Hi there, hope to find you well.
I have a follow-up question to this already long thread.
Upon deploying my PostgreSQL logical replication fed application on a stale
database, I ended up running out of space, as the replication slot is being
held back till the next time that we receive a data-changing event, and we
advance to that new LSN offset.
I think that the solution for this is to advance our LSN offset every time a
keep-alive message is received ('k' // 107).

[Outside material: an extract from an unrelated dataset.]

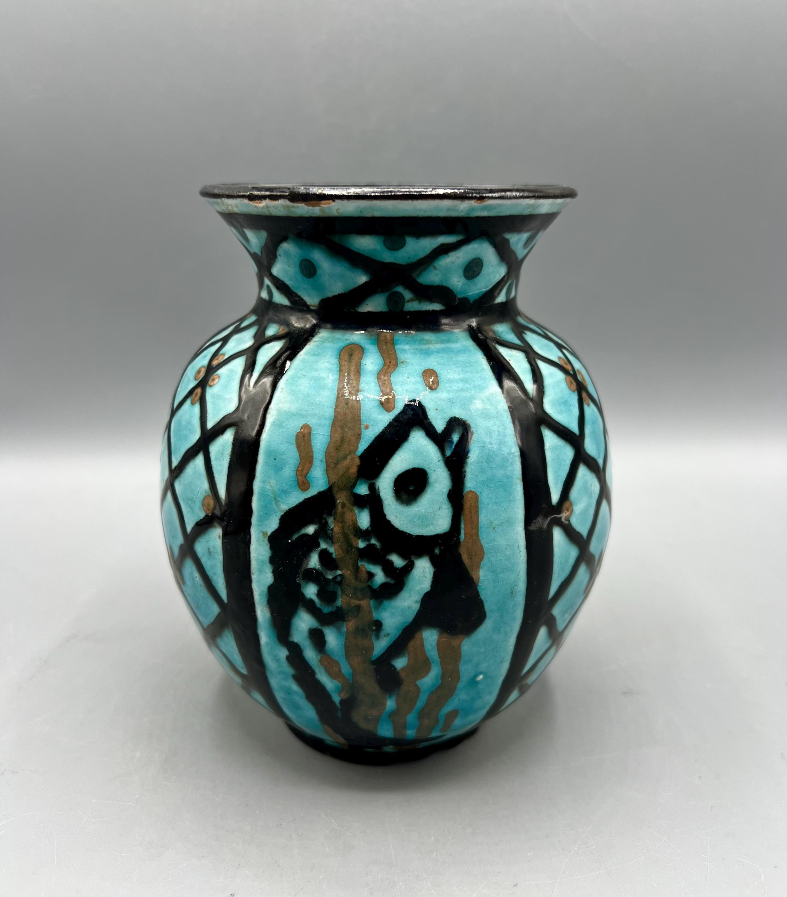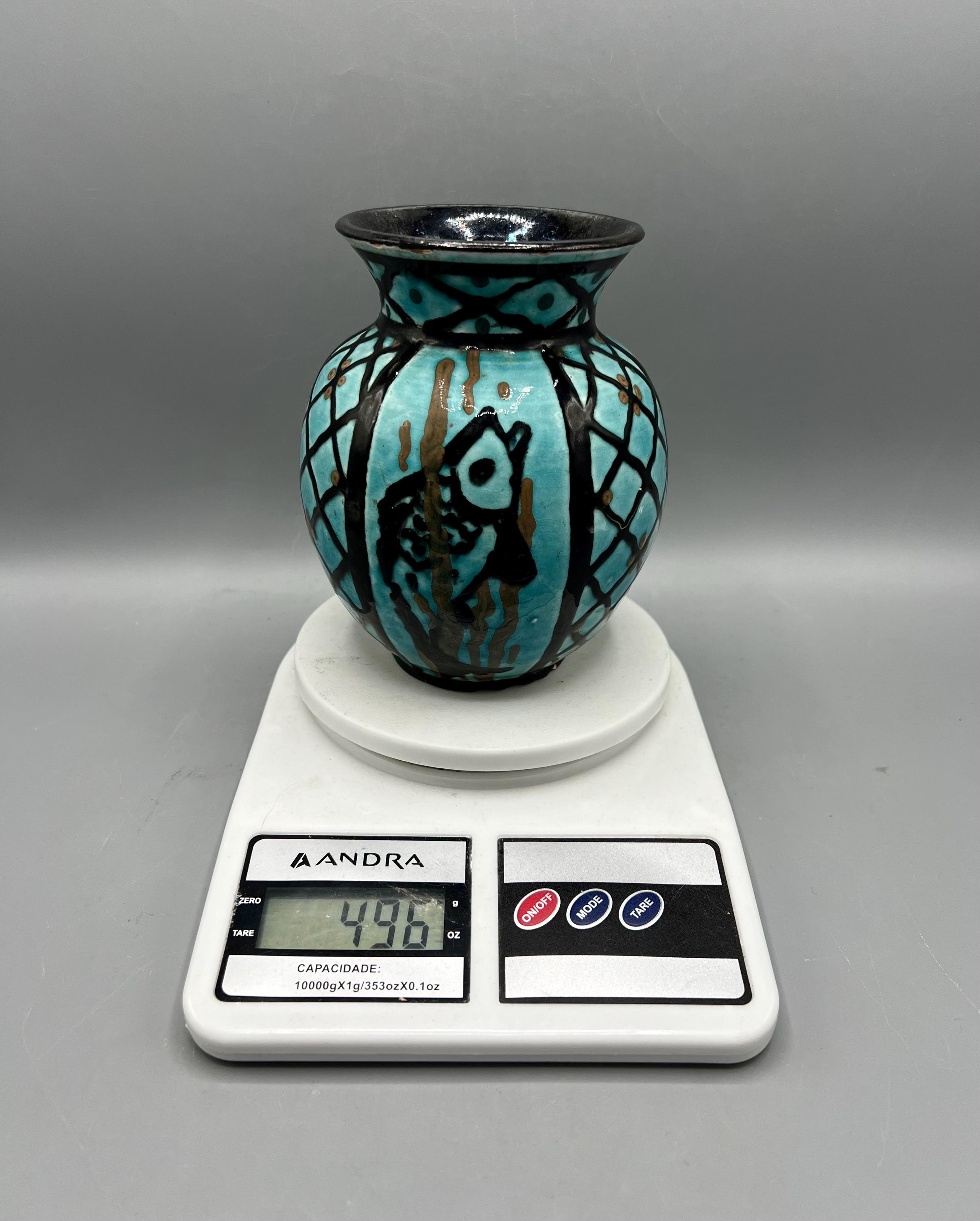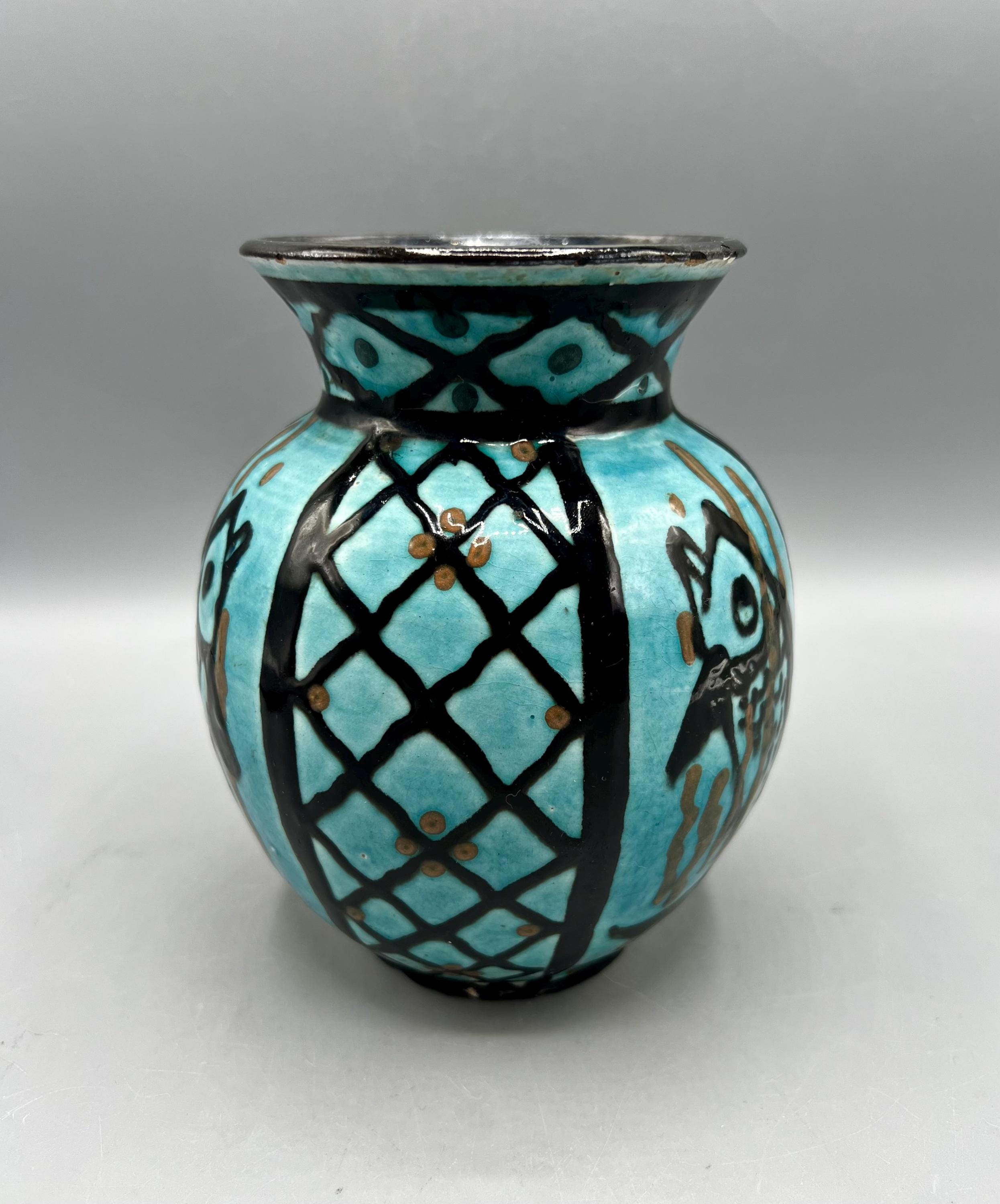 A beautiful small ceramic vase with a wide mouth, decorated with fish and geometric motifs inspired by African art and ancient civilizations. The vase is the work of the renowned international ceramist Paul Jacquet, who won a gold medal at the Exposition of Decorative Arts in Paris in 1925. This vase was likely made in his own workshop in the late 1920s. Later, the artist began working with the Primavera workshops. An extremely rare piece.
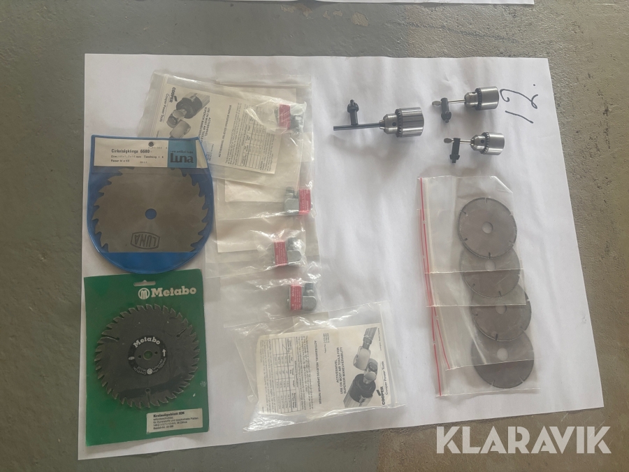 Blandade sågklingor, diamantskivor och svirvlar

My doubt is, can the keep-alive messages be received in between open
transaction events? I think not, but I would like to get your input to be extra
sure as if this happens, and I commit that offset, I may introduce again faulty
logic leading to data loss.
In sum, something like this wouldn't happen:
BEGIN LSN001
INSERT LSN002
KEEP LIVE LSN003
UPDATE LSN004
COMMIT LSN005
Correct? It has to be either:
KEEP LIVE LSN001
BEGIN LSN002
INSERT LSN003
UPDATE LSN004
COMMIT LSN005
Or:
BEGIN LSN001
INSERT LSN002
UPDATE LSN004
COMMIT LSN005
KEEP LIVE LSN006
LSNXXX are mere representations of LSN offsets.
Thank you again.
Regards,
José Neves
________________________________
De: Amit Kapila <[email protected]>
Enviado: 8 de agosto de 2023 14:37
Para: José Neves <[email protected]>
Cc: Andres Freund <[email protected]>; [email protected]
<[email protected]>
Assunto: Re: CDC/ETL system on top of logical replication with pgoutput, custom
client
On Mon, Aug 7, 2023 at 1:46 PM José Neves <[email protected]> wrote:
>
> Humm, that's... challenging. I faced some issues after "the fix" because I
> had a couple of transactions with 25k updates, and I had to split it to be
> able to push to our event messaging system, as our max message size is 10MB.

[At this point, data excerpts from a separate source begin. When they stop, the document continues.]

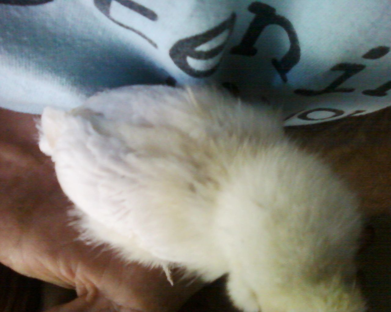 This one, the spots are more of a grey, and hard to see in the pic, but they are more like patches than spots, on the wing feathers. This chicky has leg and feet feathering, with poofy head.
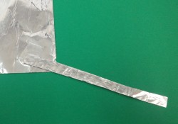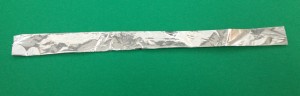 2.アルミホイルを適当なサイズに切り、1cm幅くらいの細長い短冊に折ります。
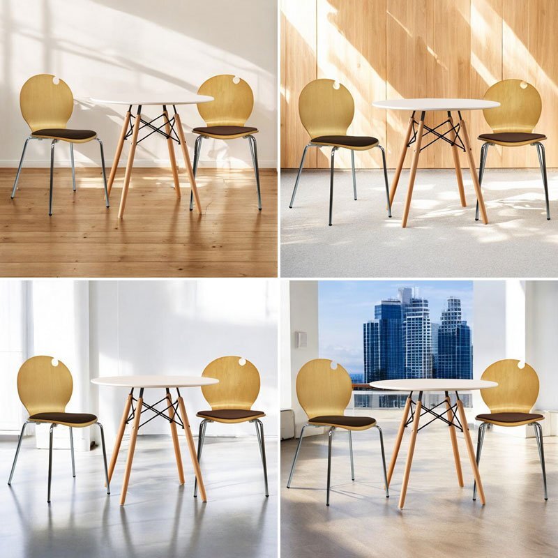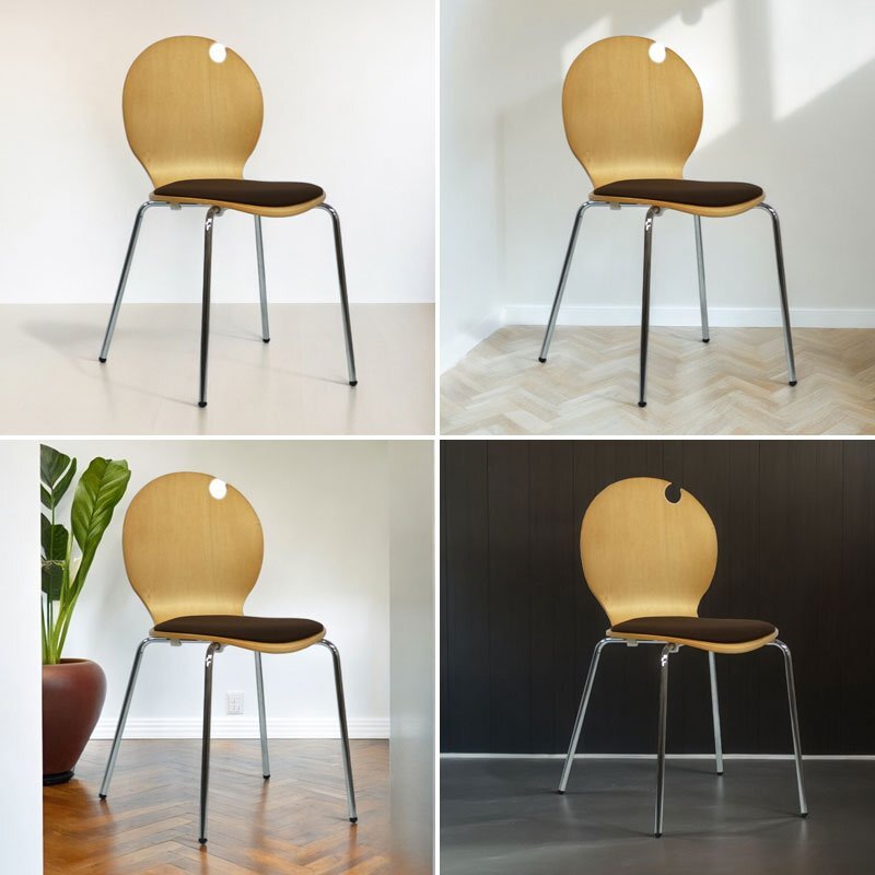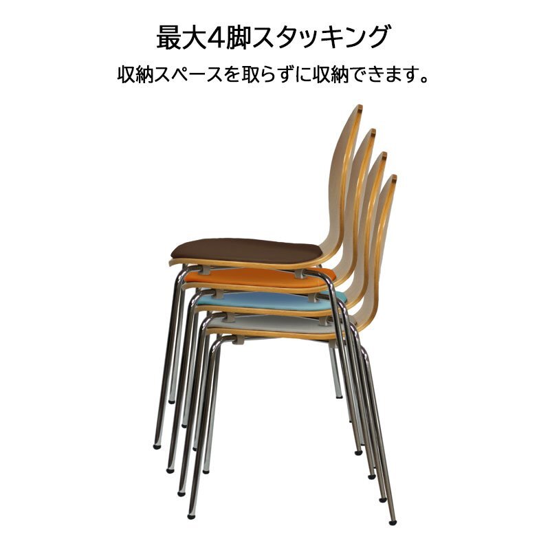 ミッドセンチュリーテイストの曲木とクッションのスタッキングチェア
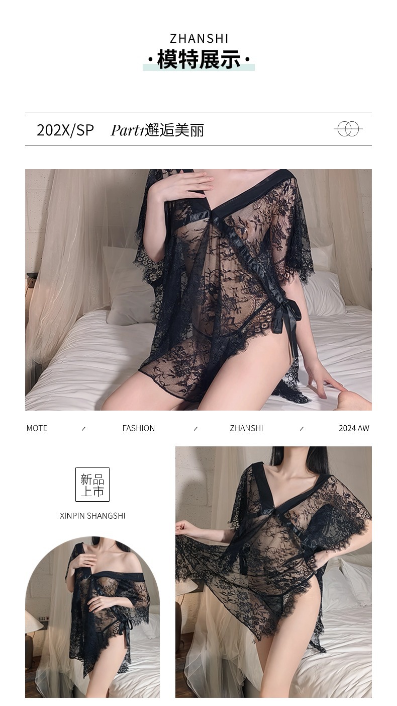 새로운 레이스 투명한 섹시한 유혹 플러스 사이즈 느슨한 레이스 세트 파자마 나이트 드레스 란제리 여성 유니폼스토어 가기
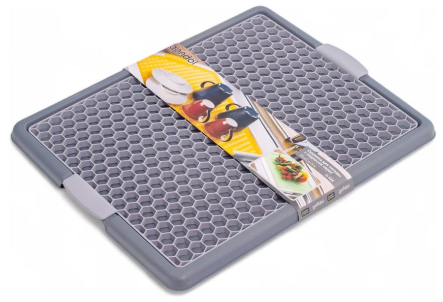 Сушилка для посуды пласт. 436*350*20мм, крупные ячейки, съемная решетка "GONDOL" серая (12)
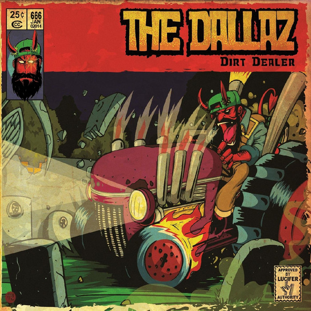 Dopo la bella prova al Perkele Fest Vol.II al Sidro Club di Svignano sul Rubicone i The Dallaz tornano in scena con “Dirt Dealer”, un concentrato di riff assassini e grandi melodie. A partire dalla copertina in stile american comics del grande Kabuto, i nostri hanno dedicato grande impegno alla realizzazione del progetto e questo risulta chiaro in ogni sfumatura: registrazione live in studio per preservare il feelin’ good, produzione compatta e soprattutto una scrittura compositiva che abbraccia quella che comodamente è stata definita First Wave of Italian Stoner Rock. I riferimenti alle band americane ci sono e non sono celati anche se il tutto viene masticato e risputato da perfetti spacciatori di roba buona! Qualche vecchia conoscenza del primo EP “Ozium Idol” rispunta fuori con una veste nuova, come la fumanchana “FurGone”, strepitosa nel titolo e nello sbatterti in faccia tre minuti e mezzo di sintesi hard Seventies, e la conclusiva “Losers”, post blues alla Roachpowder con tanto di chorus da corna al cielo. Nel mezzo troviamo riuscite evaporazioni del verbo Daredevil con “I Do Nothig”, “Octopussy” e “Ridin’ in My Mind” e ruspanti anthem carne e patate come “I Want Speed”, “Eye of the Wolf” e “Bringing Back the Dead”, dove risulta meglio allestita la nuova line-up della band e l’alternanza di voci tra un pezzo e l’altro funziona alla grande. Non solo. Ad accompagnare i nostri ci sono ospiti graditi e featuring speciali, come l’armonica più slide guitar nella southern cult “Travellin’ Blend” e i samples vocali presi da film Sixties che danno uno bella patina di polvere al tutto.

> Relying on commit time would mean that all transaction operations will have
> the same timestamp. If something goes wrong while my worker is pushing that
> transaction data chunks, I will duplicate some data in the next run, so...

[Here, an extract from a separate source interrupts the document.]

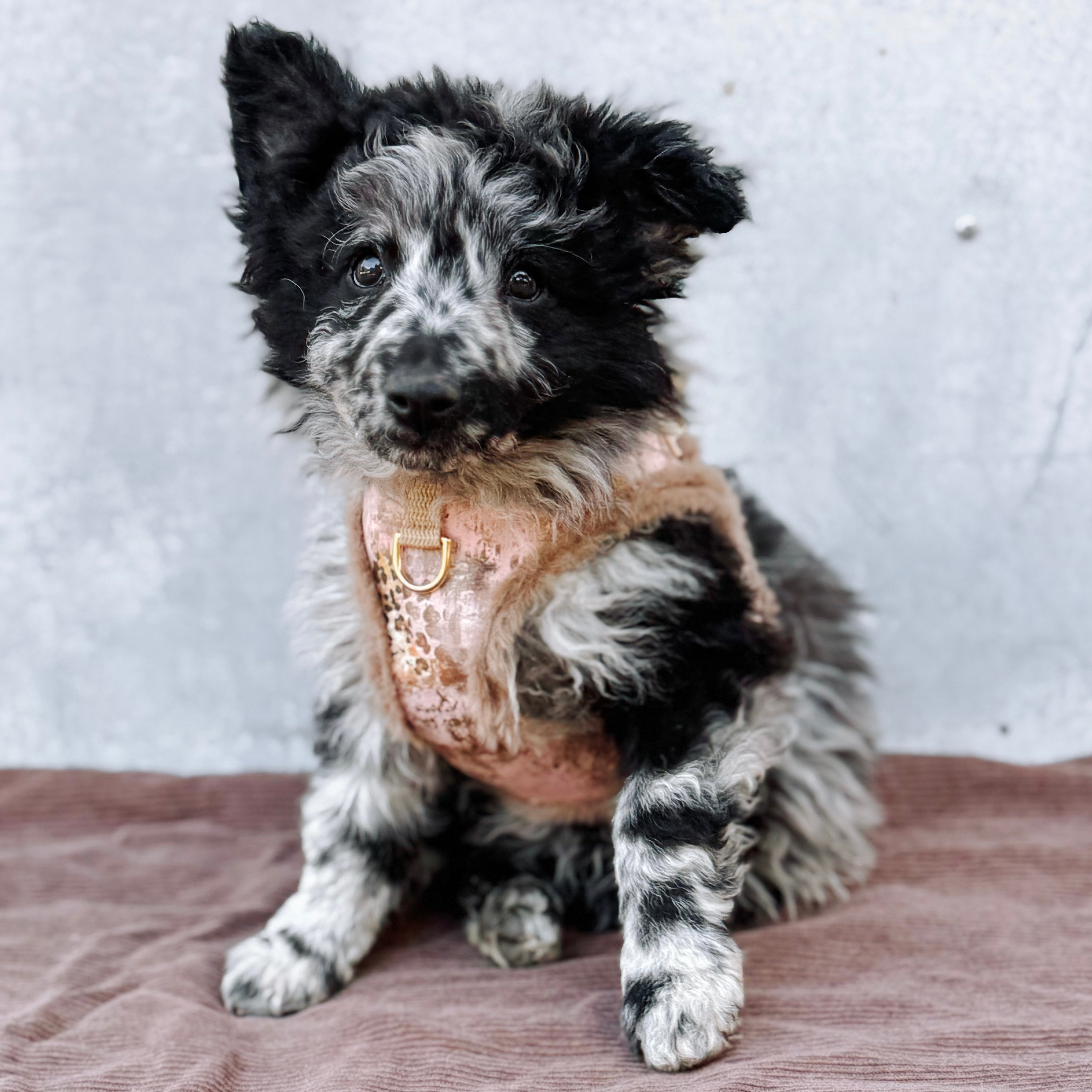 Das Softgeschirr auf dem Bild besteht aus Kunstleder in abstrakter Leo Optik und wurde mit dunkel beigem Kunstfell unterlegt. Als Verschluss dient ein Klettverschluss so wie ein Zusätzlicher Klickverschluss und zwei D-Ringen zum befestigen der der Leine.
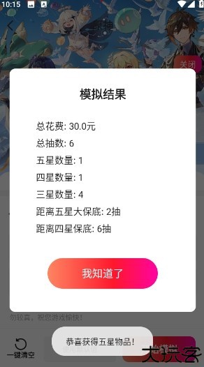 然后自定义设置好已抽抽数以及保底设置,点击“开始模拟”。

> this wouldn't allow me to deal with data duplication.
> Is there any other way that you see to deal with it?
>
> Right now I only see an option, which is to store all processed LSNs on the
> other side of the ETL. I'm trying to avoid that overhead.
>
Sorry, I don't understand your system enough to give you suggestions
but if you have any questions related to how logical replication work
then I might be able to help.
--
With Regards,
Amit Kapila.